Come To The Bubble For New Apple Products

Last Friday I went to the Apple store at The Oaks mall in Thousand Oaks.  It was kind of a dumb move, on paper, because that was the day that the new iPad was released.  In typical disgusting capitalist excess fashion, people had lined up at Apple stores all over the country for 30 hours in advance of the release.  I heard – and this is hearsay, so don’t quote ME – that someone in New York was trying to sell his/her place in line for $1,500.  FOR A PLACE IN LINE.

Hello, this isn’t a Cher concert.

I had to visit the Genius Bar because My Precious is dying.  My Precious is my iPhone 3GS, without which I cannot do my thing on the go.  My thing = checking email, consulting Google maps, texting, posting photos to Facebook and Posterous, etc.  Oh, and making phone calls.  Actually it is that last function that is failing – without warning and with no obvious pattern, during a call the phone will make a ghastly static sound that seems unrelated to my location or its battery level or any other factor.   There are client calls and loved ones to be heard, so I couldn’t wait any longer.  So, to the Genius Bar I went.  An Apple employee assured me that since I had an appointment, I would be able to simply go check in and be seen right away, iPad junkies be damned.

My appointment was for 2:30 PM, and I needn’t have worried about the crowds.  I got to the store around 2:15, and saw this:

More Apple Store employees than customers.

Sigh.  I love it here.  Good old suburbia, where people have shit to do so they aren’t camping out in line to get a freaking iPad.

There were signs of a morning rush, however.  When I got to the store I did see a special cart outside that had coffee urns and water bottles and stacks of cups, as if they doled out refreshments to die-hards and the squads of extra employees on hand.  Also, there were several black-clad gentlemen about who were intently staring at everyone.  I caught one’s eye a couple of times, especially after I took photos.

In case you don’t know what the Genius Bar is, allow me:  if you have an Apple product you can make an appointment with a specialist at the Apple store by going online and entering your Apple ID – which you must have if you have an iPhone or an iPad or a Mac computer.  Then you show up at said Apple store and a lovely young gentleman – or woman – will dedicate some time to help you fix your problem.  On this occasion, that help consisted of resetting my iPhone and hoping that fixed it.  Of course, I could have done this by myself at home, but I thought the Genius might have some other solution.

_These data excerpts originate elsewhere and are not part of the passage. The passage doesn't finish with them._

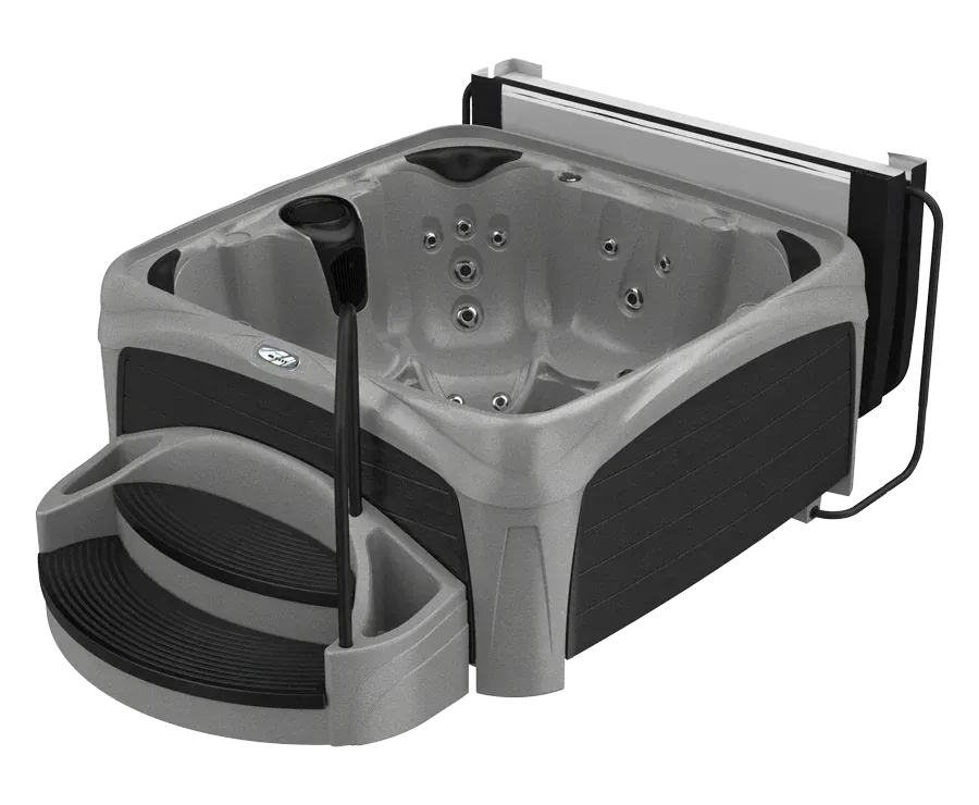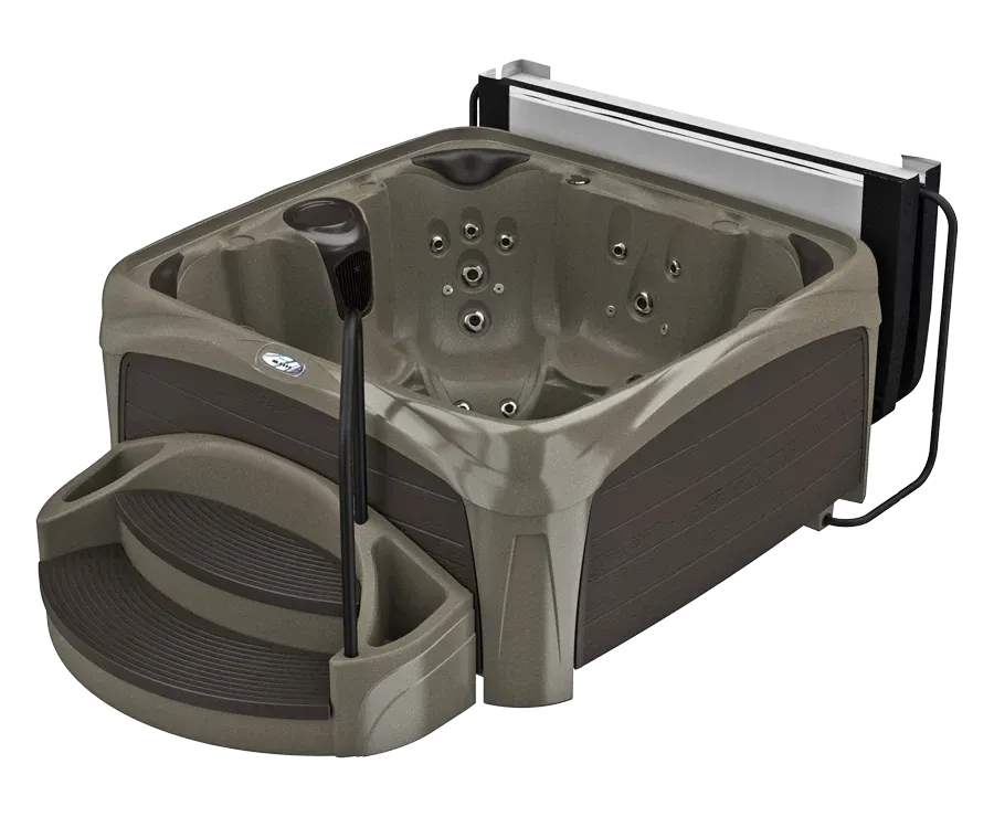 Recline in the deep contours of the 730S Suite and experience all that the Crossover has to offer. This 6-7 person all-seat hot tub has 30 stainless steel jets that target shoulders, back muscles and feet for a massaging hydrotherapy experience. Enjoy the Everlast Trueform comfort pillow headrests to enhance your relaxation. For entertaining or unwinding, the Fountain with Back-lit LED Light and 8 exterior cabinet lights allow you to set the perfect mood. All Suite spas includes the extra wide integrated Suite Steps with slip resistant step treads, sturdy handrail and two side planters plus bonus storage area inside the step.
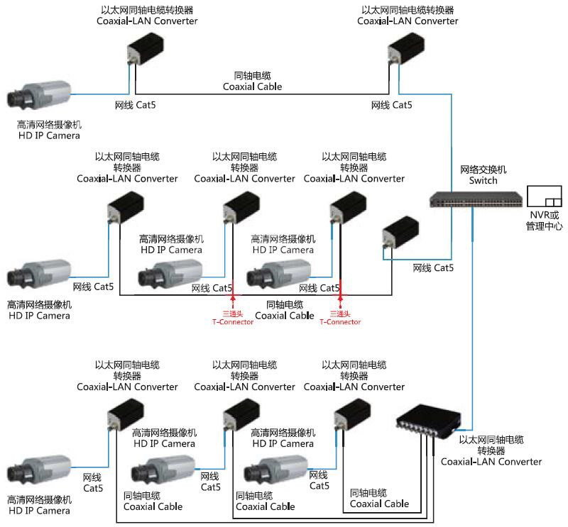 本方案基于業(yè)界最先進(jìn)的云間寬帶載波通信技術(shù),可以重用模擬系統(tǒng)已經(jīng)布好的模擬視頻線或雙絞線來(lái)傳輸以太網(wǎng)信號(hào),從而實(shí)現(xiàn)“無(wú)需重新布線,即可升級(jí)到數(shù)字高清”。
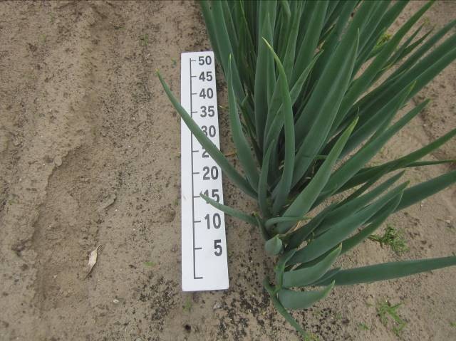 定植後は適度な雨もあるが、春先から寒暖差が大きく、加えて風の強い日が多いため飛砂による傷みもあり、生育は前年より2週間程度遅れている。
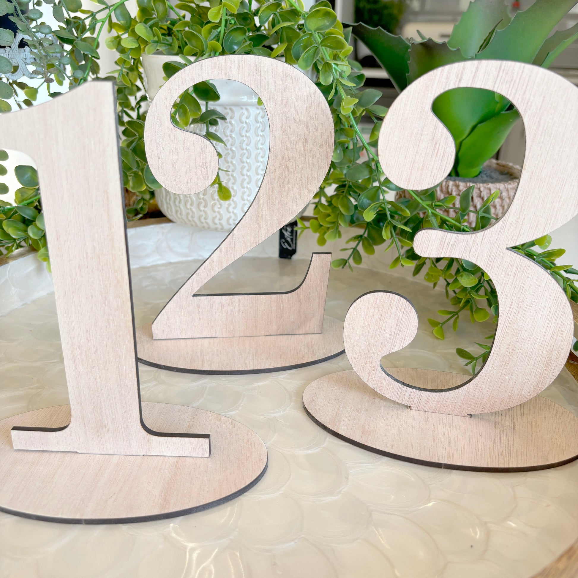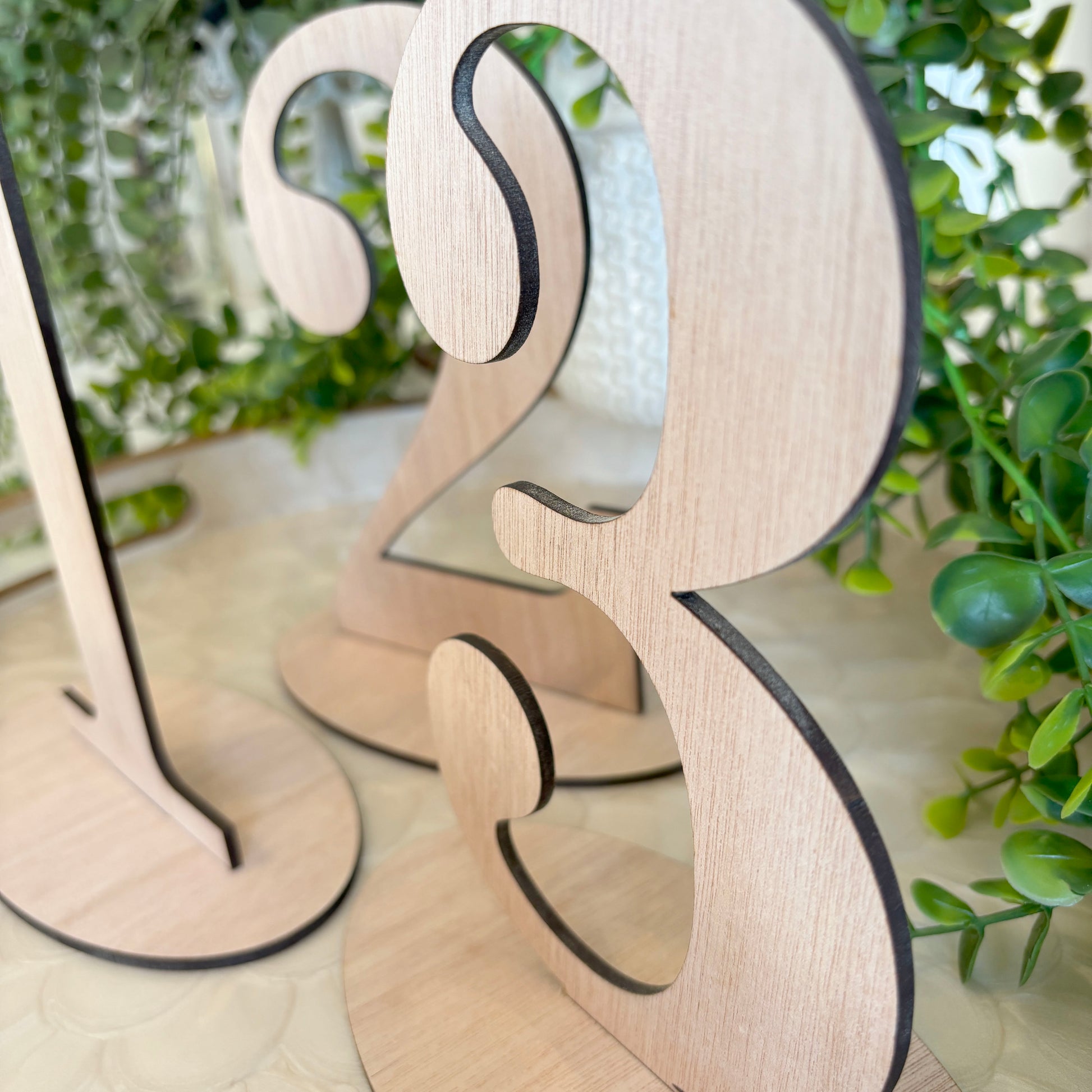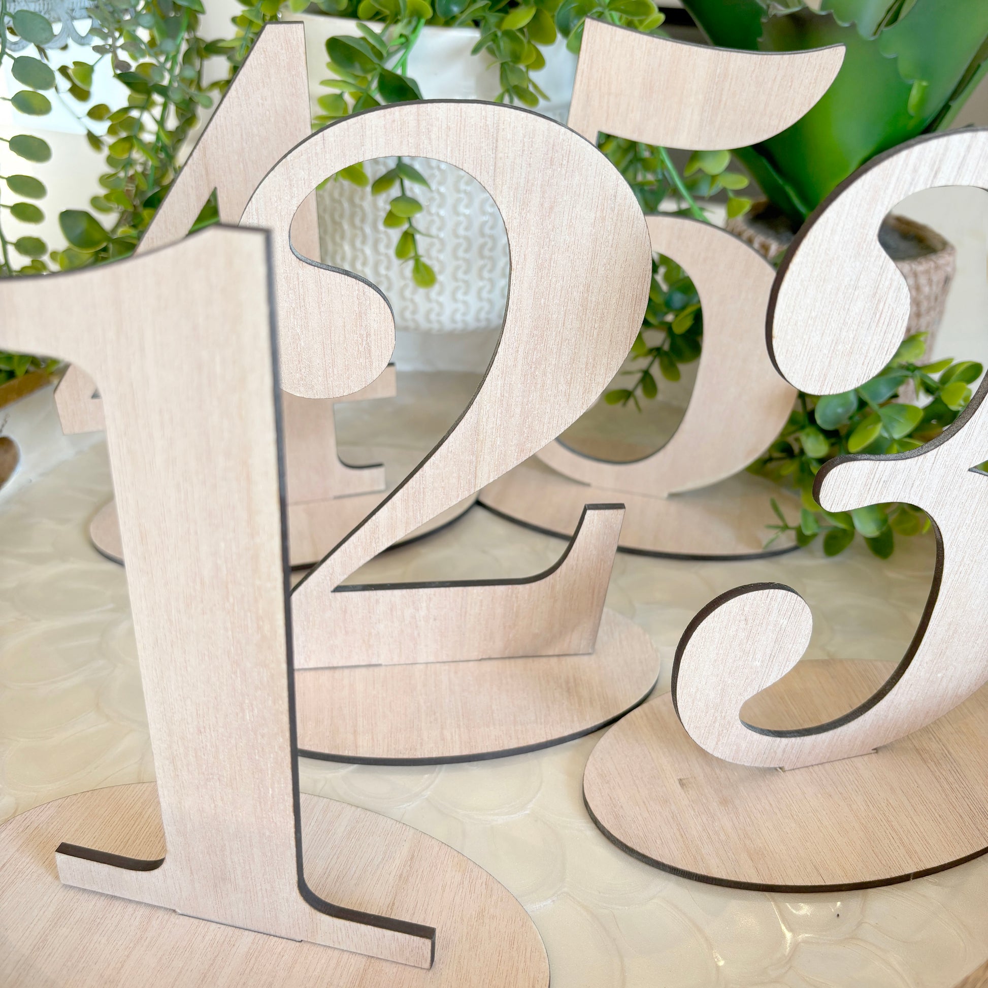 Simple, but elegant table numbers lasercut from wood. Comes with a round base.
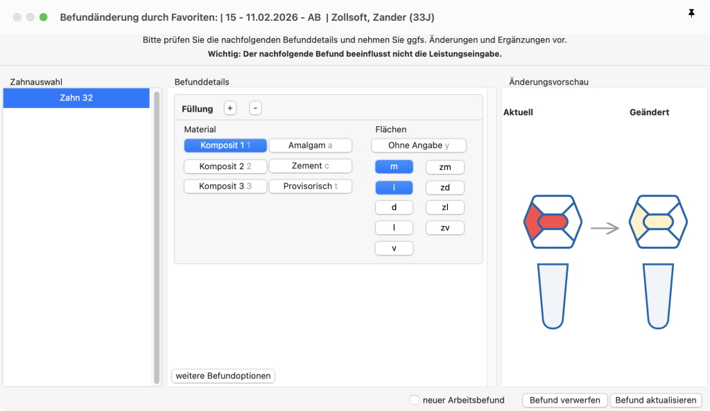 tomedo.Dental passt sich Ihren Praxis-Abläufen an: Ein Beispiel dafür ist das Favoritenkonzept, das Routineaufgaben spürbar vereinfacht. Für einen schnellen Start bei typischen Behandlungsabläufen liefert tomedo.Dental bereits vorkonfigurierte Favoriten-Sets aus. Für Spezialbehandlungen in Ihrer Praxis können Sie eigene Favoriten konfigurieren. Diese Favoriten sind mit einem Klick in der Patientenakte verfügbar.
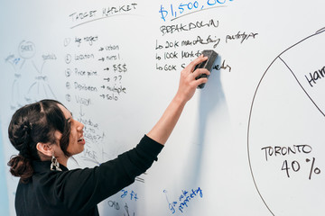 Woman erasing whiteboard in office
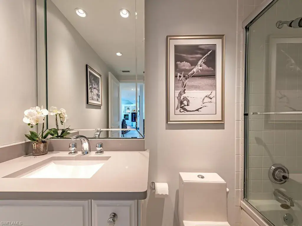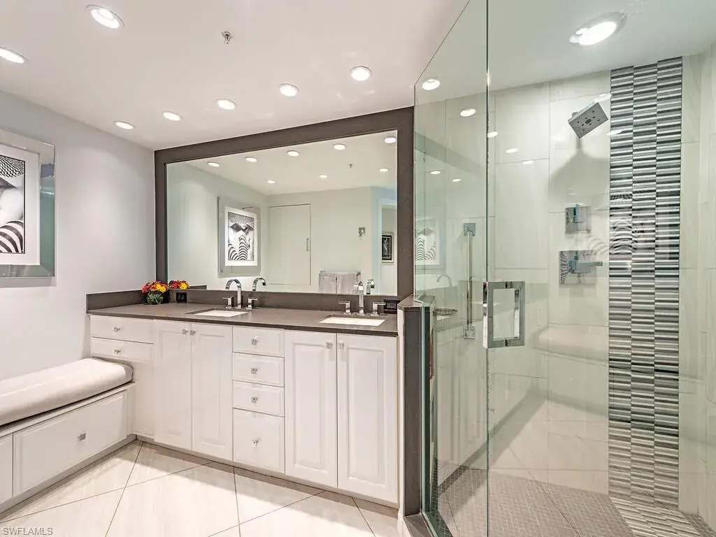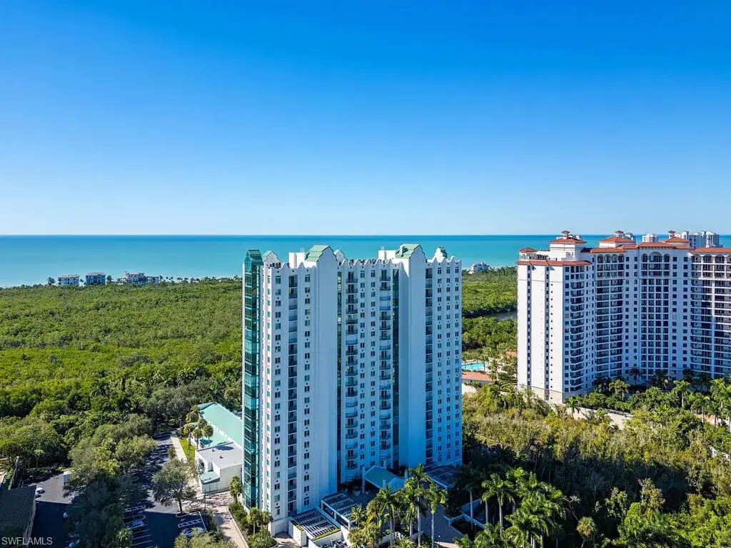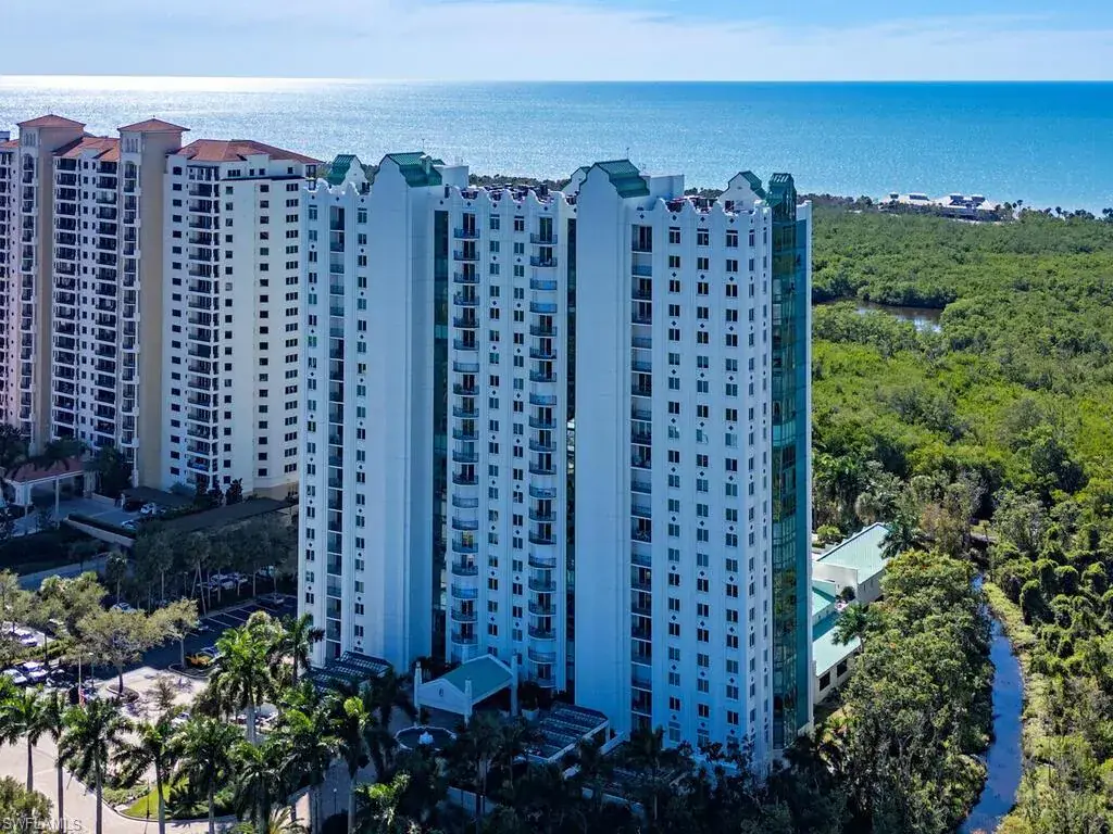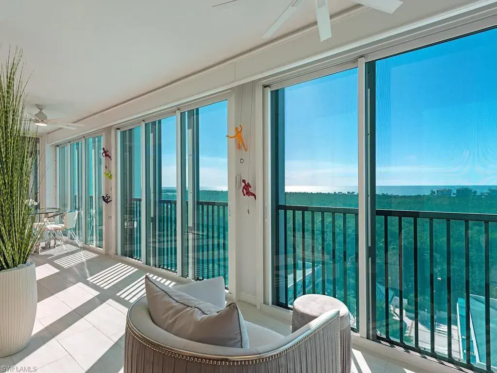This commanding 9th-floor residence boasts an extraordinary 50 feet of FLOOR-TO-CEILING GLASS, capturing uninterrupted views of the Gulf of Mexico. The additional sunrise terrace and easterly views provide tranquil golf course and lush landscape views. Inside, 2,417 square feet of sophisticated living include 2 Bedrooms plus a spacious Den, 3 Full Baths, and two elegant Living areas—the Den easily functioning as a 3rd en-suite bedroom retreat. Modern enhancements including porcelain tile, LED lighting, hardwired ethernet, surround-sound audio, electric blinds, and updated appliances blend comfort with contemporary style. Custom cabinetry and LED-lit closets elevate both utility and design. With 2 secure under-building PARKING SPACES, extra storage, and only 2 residences per floor, privacy and convenience are assured. Claridge offers a refined lifestyle with its Art Deco–influenced architecture, tropical pool deck, fitness and spa amenities, social rooms, 2 guest suites, and on-site management. Residents enjoy the full Pelican Bay experience, including private beachfront dining/bar, full beach service, kayaking, paddle boards, pickleball, tennis, fitness and miles of scenic trails and just moments from Artis–Naples, Waterside Shops, and Mercato.
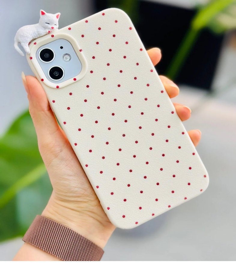 Pastel bohem tarzda, küçük kırmızı boncuklarla süslenmiş beyaz telefon kılıfı.
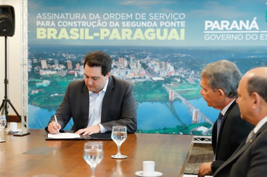 Assessoria - foto: Rodrigues Félix Leal - Ag Notícias/Paraná - Até a próxima terça-feira (6), as imediações do Marco das Três Fronteiras, em Foz do Iguaçu, onde será construída a Ponte da Integração Brasil-Paraguai, serão tomadas pelos maquinários e operários que darão início às obras. A ordem de serviço foi assinada nesta quinta-feira (1º) pelo governador do Paraná, Carlos Massa Ratinho Júnior, e pelo diretor-geral brasileiro da Itaipu, general Joaquim Silva e Luna. O contrato prevê um prazo de 36 meses para a execução.
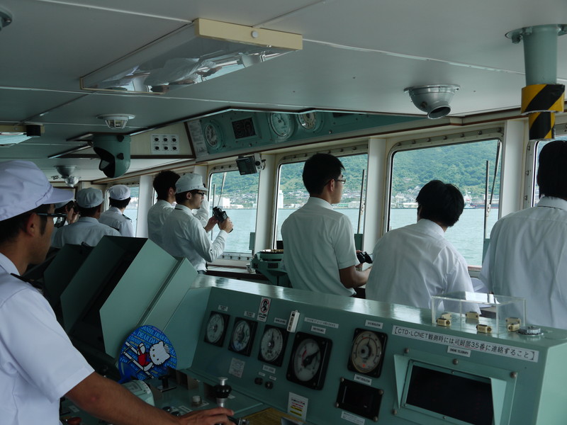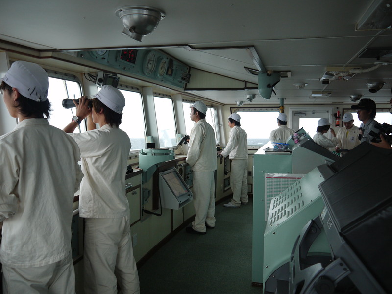 | 初めての船橋当直。地球が丸く見えるかな。 |
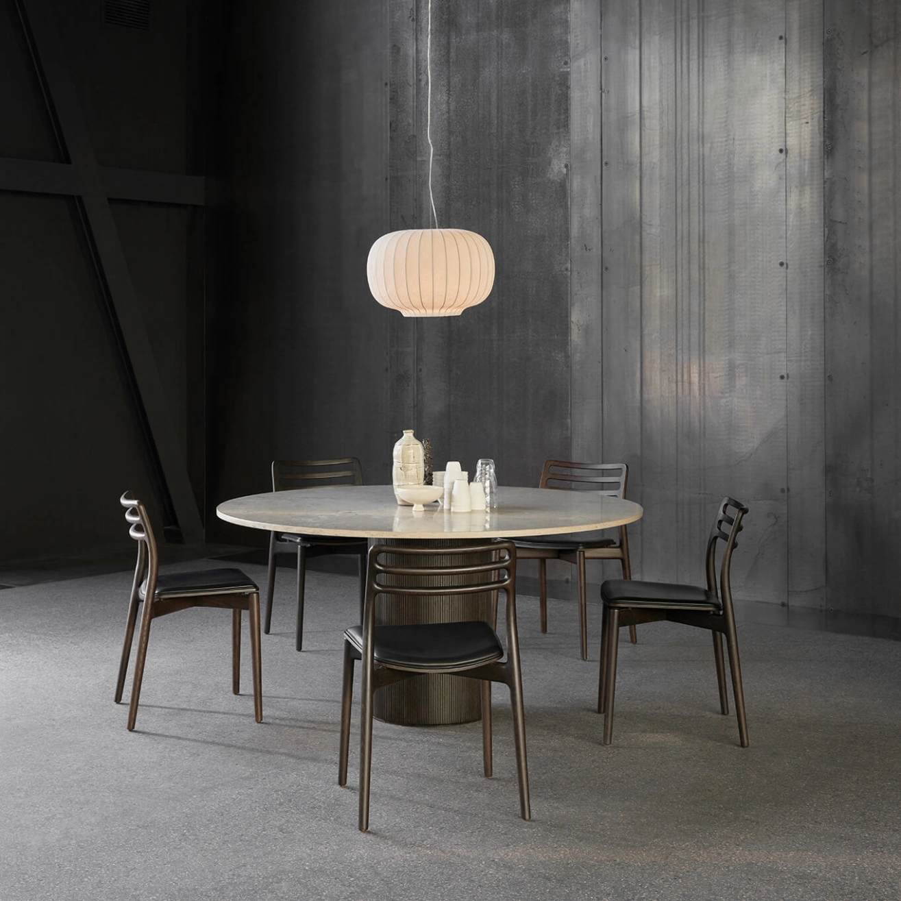 La table Cabin Round est une table aux dimensions variées, disponible en Ø130 et Ø150, conçue par Vipp pour votre salle à manger ou votre cuisine. Cette table se distingue par sa base en chêne massif laqué, disponible en chêne clair ou foncé, et son plateau en marbre. Que ce soit avec une base en métal ou en bois, chaque produit Vipp reflète un raffinement et une attention particulière aux détails. La table Cabin Round ne fait pas exception, avec ses subtiles finitions en bois pour la base et ses bords ronds et sablés du plateau. Chez Vipp, le calcaire et le marbre sont des matériaux récurrents dans nos conceptions de mobilier. L'expression visuelle de ces pierres naturelles raconte l’histoire de millions d'années de transformation géologique. Les veines, fossiles et nuances de couleur résultent de conditions géologiques particulières, garantissant que chaque pierre est unique. Cette singularité est l'une des caractéristiques qui fait de chaque table Cabin Round un produit inimitable de Vipp.

While I waited for my iPhone to reset I got to play a little bit with the new iPad.  (Oh, what, my friend’s website is loaded on there?  What a coincidence!!!)

In the end, my phone was not fixed.  At all.  If you call me, a few minutes into the call your eardrums will start bleeding because of the ghastly static noise that is so loud it can wake the dead.

So I ordered a new one.  It comes on Tuesday.  It’s no iPad, but at least I’ll be able to make some phone calls!

The moral of the story is that if you’re jonesing for a hot new Apple product, get your ass to Thousand Oaks or any other Apple store located at a suburban mall.  Nobody else cares out here.  We have kids to get to school and jobs to get to and spin class to get a ticket for.  We don’t have time for your hipster bullshit, so there will only be one of you in line.


  1. Love it! Makes me want to go to our new Apple store in New Haven and get a phone, or IPad, or something!

  2. My husband bought his brand-new iPad at that same Apple Store on that same day. You probably missed him by just a couple of hours. No lines at all, and well-stocked. The ‘burbs DO gave their advantages!

  3. Kim you crack me up! I have not given my soul to the Apple Revolution yet, but it has more to do with extreme poverty than desire. (Sigh…) But yes, you’re right – we suburbanites have shit to do! (Oh and I ALWAYS pull up my blog when I walk into the Apple store with my kids… but don’t tell anyone!)

  4. Thank you for showing off my site at the Apple store! You’re very, very good to me. 🙂 Not being able to talk to you while I was on my Great Big American Road Trip left me feeling deeply sad, so I look forward to talking to you on Precious 2.0!

  5. Congratulations on your new phone. Maybe new iPad releases are becoming old hat – when the iPad2 came out, I stood in line for hours (in Northridge – you can’t be more suburban than that!) only to have the store run out of the model I wanted by the time I got to the front of the line. Over the next couple of days, I tried again at two other Valley stores. Ended up having to wait two weeks for delivery of one ordered at their website. So here’s some additional advice: if you really, really want to have that new Apple product, don’t even bother with the store. You may not be the first one on your block to play with it, but in the long run you will waste a lot less time.